Similarly, the core Goat Rodeo ensemble was also comprehensively spot–miked, the overall sound and balance decided in collaboration with producer Steven Epstein. Again, though, these signals were mixed with restraint: “I’d say we sneaked in the spot mics sort of halfway,” remarks King, “so the main sound was still that left–centre–right tree.” Most of the mics in this case were, as you might expect, directional, including a Neumann KM140 cardioid pencil mic and a Royer R121 ribbon on Stuart Duncan’s fiddle; another KM140 and a Chameleon Labs TS1 valve mic on Chris Thile’s mandolin; and another R121 with a Neumann M147 valve mic for Edgar Meyer’s bass. More surprising, however, was that Yo–Yo Ma’s cello was captured with a pair of DPA 4006 omnis. “On Yo–Yo, the best sound for his cello is omnis,” says King, “even as spot mics.
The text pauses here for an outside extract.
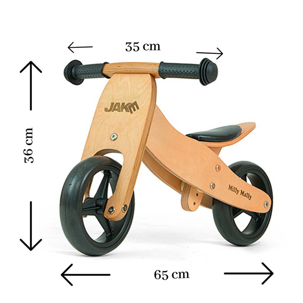 Otroško multifunkcijsko leseno odrivalo Milly Mally JAKE je idealno za otroke, ki se šele začenjajo učiti voziti kolo in še ne obvladajo ravnotežja na dveh kolesih. Prednost odrivalo JAKE je, da se iz trikolesa enostavno spremeni v odrivalo na dveh kolesih. Narejeno je iz trdnega lesa s čudovitimi veselimi barvami in slikami s penastimi kolesi. Široke razdalje koles zagotavljajo izjemno stabilnost, varnost in udobje doma in na prostem. Mehka nedrsljiva ročica zagotavlja zaščito roke otroka. Čudovito multifunkcijsko odrivalo, ki ugaja tako deklicam kot dečkom.

I come in quite tightly, maybe two feet out following the angle of the bridge, using a pair of 4006 capsules on a stereo bar about five inches wide. I leave the pans full left–right, so I’m never adding right–channel signal to the left, which means I don’t have to worry about any phase cancellation with the two omni spot mics being so close together.
“The reason I use a pair for the cello is because I’m going to have a lot more leakage on these omnis than on any of the other spot mics. If I need to add a lot of cello support — let’s say he did something very softly, but it’s a solo and I really have to raise it up — having an omni mono source for him means all the leakage from the bass and the fiddle on each side is going to come up in the same place as the cello, and it’s going to distort my main image. With the two omnis close together, the cello image is quite mono, but the bass leakage and the violin leakage either side stays stereo. Yo–Yo’s sitting leftish [in the main pair’s image], at around the 10:30 position, so I’d have matched that by just lowering the right spot mic’s fader slightly.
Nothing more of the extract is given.